══ AVAILABLE DATA
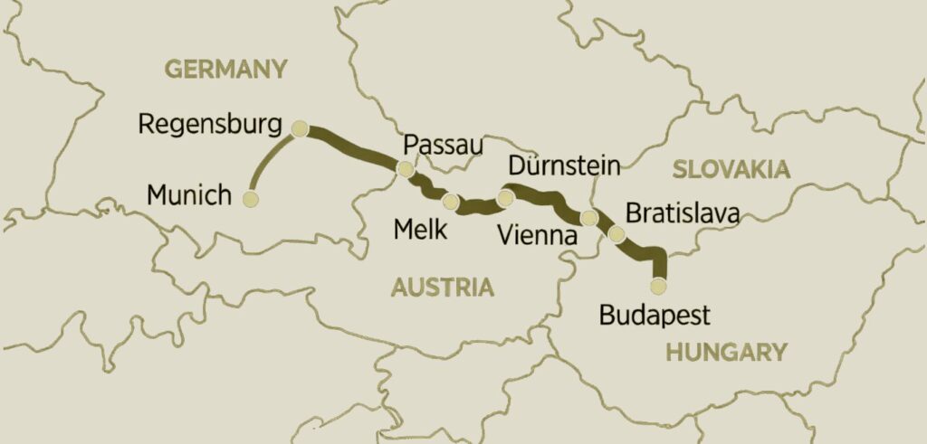 Partindo da Alemanha, seguimos o curso das águas até os mosteiros barrocos da Áustria, com uma pausa na medieval Bratislava, antes de nos deixarmos envolver pelo esplendor art nouveau de Budapeste.
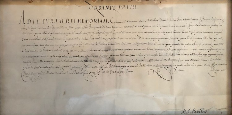 San Aula Maxima (Halla Mór) feictear pictiúir freascó a thaispeáineann Lúcás Uaidín agus a chompánaigh tosaigh. Faoin fhreascó sin, tá leac a mheabhraíonn dúinn gur tháinig an Cairdinéal Corsini ansin ar Lá Fhéile Pádraig sa bhliain 1737 mar a rinneadh a réamhtheachtaithe ar an ócáid chéanna roimhe sin. Ar an lá sin, d’insealbhíodh an Cairdinéal mar Choimirceoir an Suí Naofa ar Ríocht na hÉireann. Maisíodh an Halla Mór i 1672 le honóir a thabhairt do Ghiniúint Mhuire Gan Smál. Tugann na pictiúir ómós do Duns Scotus Beannaithe agus do Naomh Bonaventura. Ba éard a cheap an bheirt sin nárbh fhéidir teagasc Ghiniúint Mhuire Gan Smál a chruthú go cinnte, cé go raibh sé fíor agus gur chreid na fíréin i gcónaí ann. B’amhlaidh a bhí tuairim Naomh Tomás Acuin mar an gcéanna.
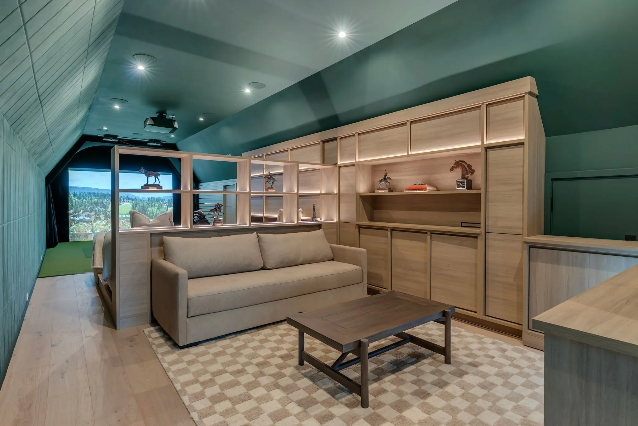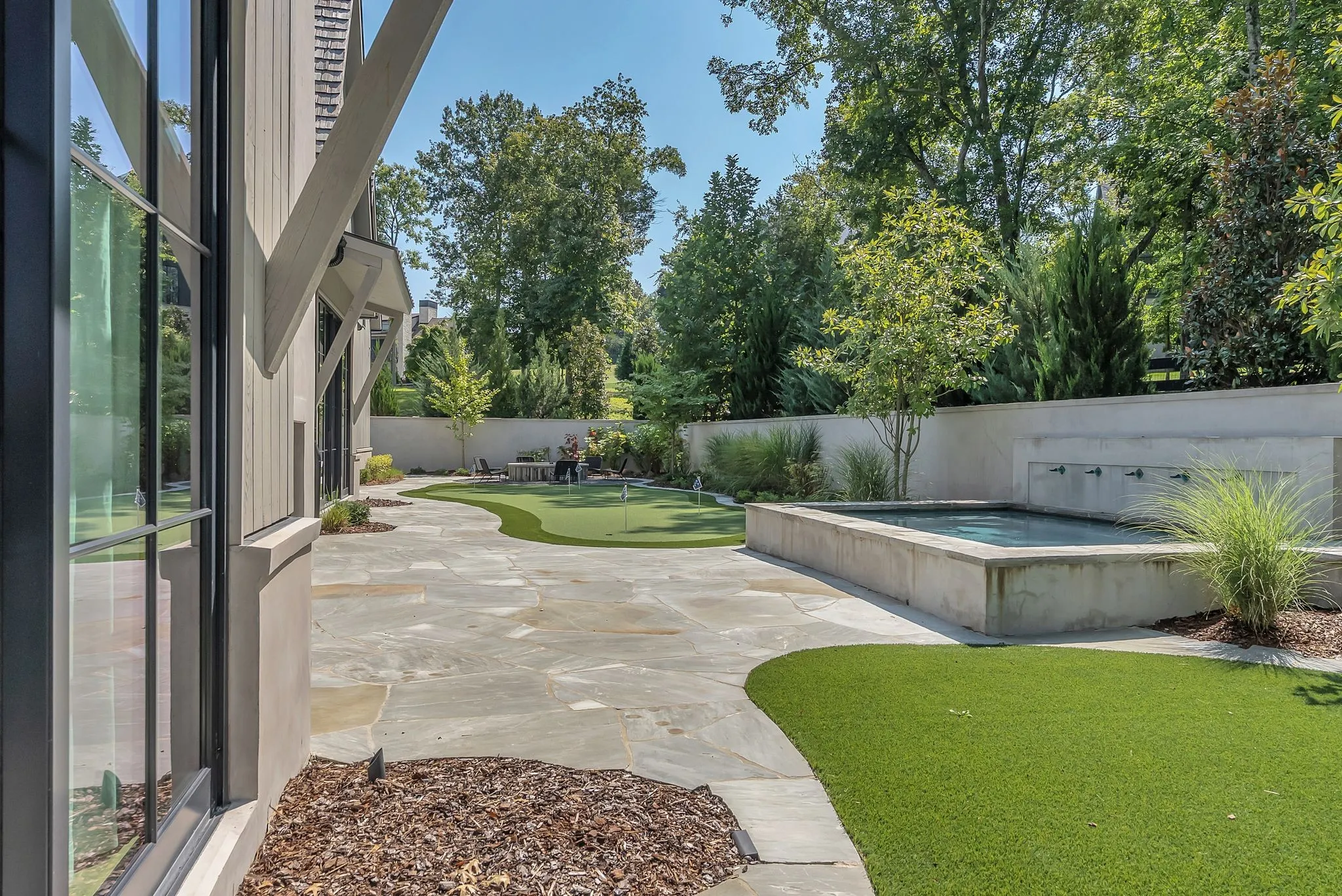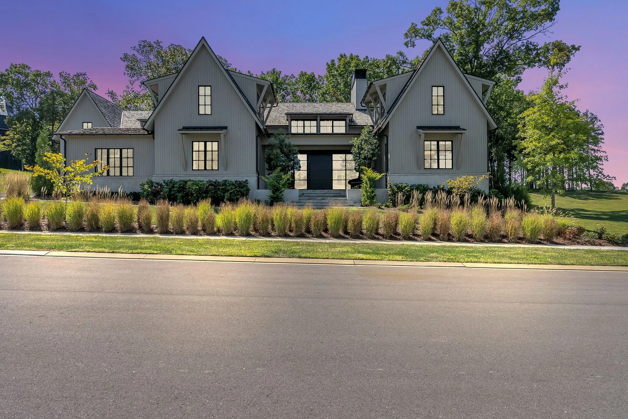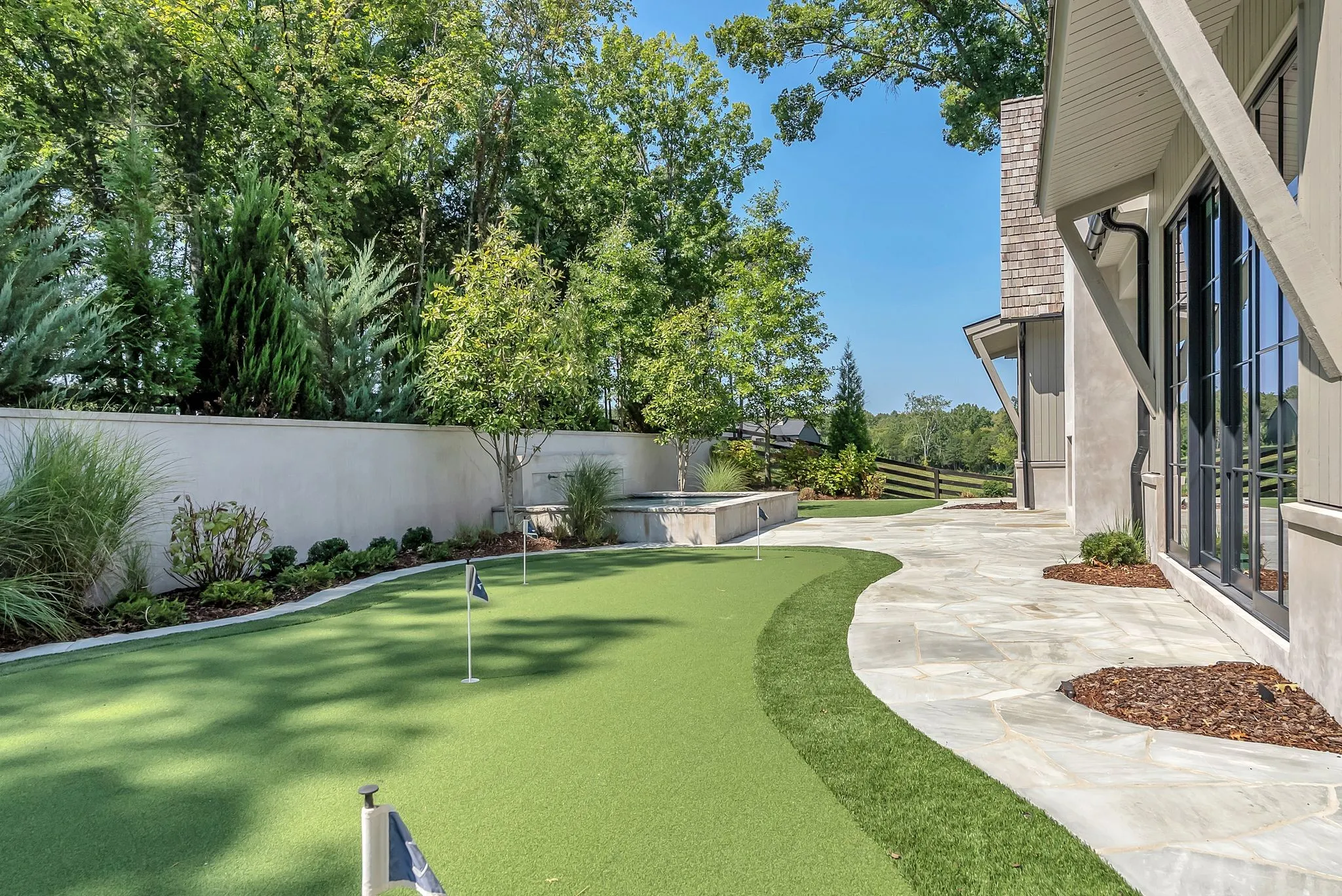 This custom home at Troubadour Golf and Field Club, built by Grove Park in 2023, features six bedrooms and six and a half bathrooms under 7,438-square-foot residence situated on 0.43 acres. Step into expansive luxury with a grand open-concept living, dining, and kitchen area, anchored by dual waterfall countertops and sleek designer finishes. The home offers two private wings for optimal comfort and separation, plus a state-of-the-art golf simulator for year-round play. Outside, enjoy a custom putting green, gather around the firepit, relax in the hot tub, or lounge on the covered back porch—all set within a beautifully landscaped backyard built for entertaining and unwinding.
════
PROBLEM STATEMENT - Copy all the data exactly as written, but skip any picture.

EXPECTED ANSWER -
 Partindo da Alemanha, seguimos o curso das águas até os mosteiros barrocos da Áustria, com uma pausa na medieval Bratislava, antes de nos deixarmos envolver pelo esplendor art nouveau de Budapeste.
 San Aula Maxima (Halla Mór) feictear pictiúir freascó a thaispeáineann Lúcás Uaidín agus a chompánaigh tosaigh. Faoin fhreascó sin, tá leac a mheabhraíonn dúinn gur tháinig an Cairdinéal Corsini ansin ar Lá Fhéile Pádraig sa bhliain 1737 mar a rinneadh a réamhtheachtaithe ar an ócáid chéanna roimhe sin. Ar an lá sin, d’insealbhíodh an Cairdinéal mar Choimirceoir an Suí Naofa ar Ríocht na hÉireann. Maisíodh an Halla Mór i 1672 le honóir a thabhairt do Ghiniúint Mhuire Gan Smál. Tugann na pictiúir ómós do Duns Scotus Beannaithe agus do Naomh Bonaventura. Ba éard a cheap an bheirt sin nárbh fhéidir teagasc Ghiniúint Mhuire Gan Smál a chruthú go cinnte, cé go raibh sé fíor agus gur chreid na fíréin i gcónaí ann. B’amhlaidh a bhí tuairim Naomh Tomás Acuin mar an gcéanna.
 This custom home at Troubadour Golf and Field Club, built by Grove Park in 2023, features six bedrooms and six and a half bathrooms under 7,438-square-foot residence situated on 0.43 acres. Step into expansive luxury with a grand open-concept living, dining, and kitchen area, anchored by dual waterfall countertops and sleek designer finishes. The home offers two private wings for optimal comfort and separation, plus a state-of-the-art golf simulator for year-round play. Outside, enjoy a custom putting green, gather around the firepit, relax in the hot tub, or lounge on the covered back porch—all set within a beautifully landscaped backyard built for entertaining and unwinding.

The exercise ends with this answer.